• [EXERCISE DESCRIPTION]
Pictures are to be left out. Return exactly the lines below from the one with "Nutmeg Newt book" up to and including the one with "Слайд 42ФГОС –".

• [EXERCISE MATERIAL]
------
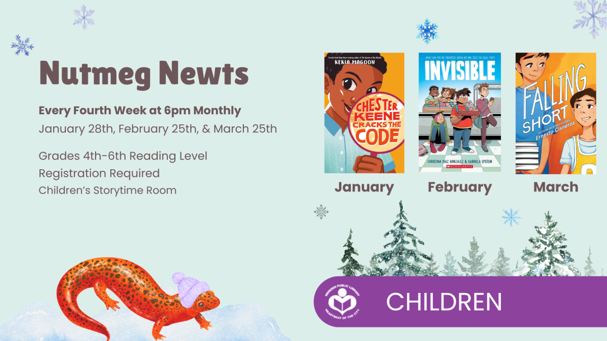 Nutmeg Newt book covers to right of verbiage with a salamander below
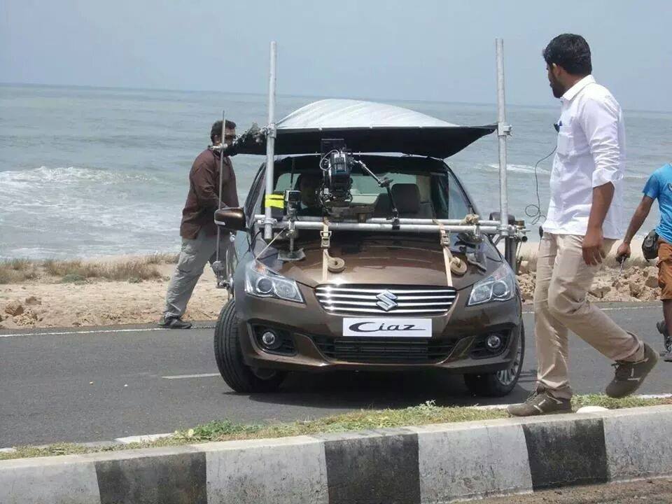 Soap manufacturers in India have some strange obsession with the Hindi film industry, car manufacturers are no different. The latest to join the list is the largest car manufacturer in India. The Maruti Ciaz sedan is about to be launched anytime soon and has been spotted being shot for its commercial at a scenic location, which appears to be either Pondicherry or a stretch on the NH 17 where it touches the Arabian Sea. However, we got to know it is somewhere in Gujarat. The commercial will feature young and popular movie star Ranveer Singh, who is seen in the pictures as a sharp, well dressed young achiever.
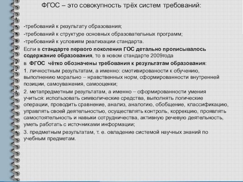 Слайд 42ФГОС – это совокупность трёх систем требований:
------
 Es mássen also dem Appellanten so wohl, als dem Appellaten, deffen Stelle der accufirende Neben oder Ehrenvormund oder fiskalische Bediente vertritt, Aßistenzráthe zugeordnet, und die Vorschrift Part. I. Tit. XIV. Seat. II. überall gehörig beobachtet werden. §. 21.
------
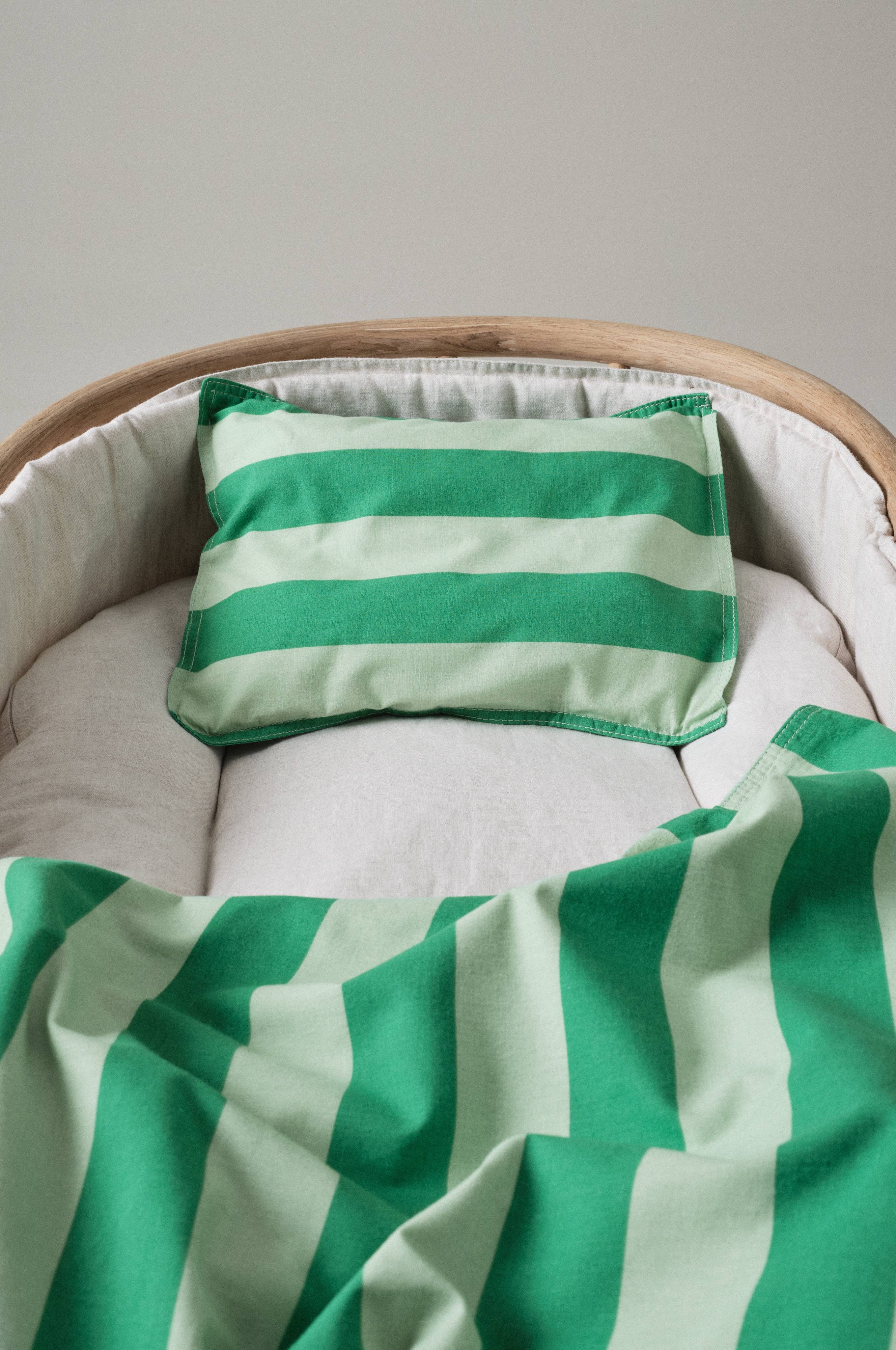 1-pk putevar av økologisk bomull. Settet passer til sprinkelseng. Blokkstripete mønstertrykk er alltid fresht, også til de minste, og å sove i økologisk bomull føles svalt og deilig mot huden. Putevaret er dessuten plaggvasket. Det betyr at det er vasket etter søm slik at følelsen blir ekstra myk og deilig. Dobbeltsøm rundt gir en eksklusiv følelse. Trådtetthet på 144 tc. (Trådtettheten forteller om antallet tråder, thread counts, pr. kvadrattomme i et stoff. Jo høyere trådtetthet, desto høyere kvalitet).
------
• [SOLUTION TO THE EXERCISE]
 Nutmeg Newt book covers to right of verbiage with a salamander below
 Soap manufacturers in India have some strange obsession with the Hindi film industry, car manufacturers are no different. The latest to join the list is the largest car manufacturer in India. The Maruti Ciaz sedan is about to be launched anytime soon and has been spotted being shot for its commercial at a scenic location, which appears to be either Pondicherry or a stretch on the NH 17 where it touches the Arabian Sea. However, we got to know it is somewhere in Gujarat. The commercial will feature young and popular movie star Ranveer Singh, who is seen in the pictures as a sharp, well dressed young achiever.
 Слайд 42ФГОС – это совокупность трёх систем требований:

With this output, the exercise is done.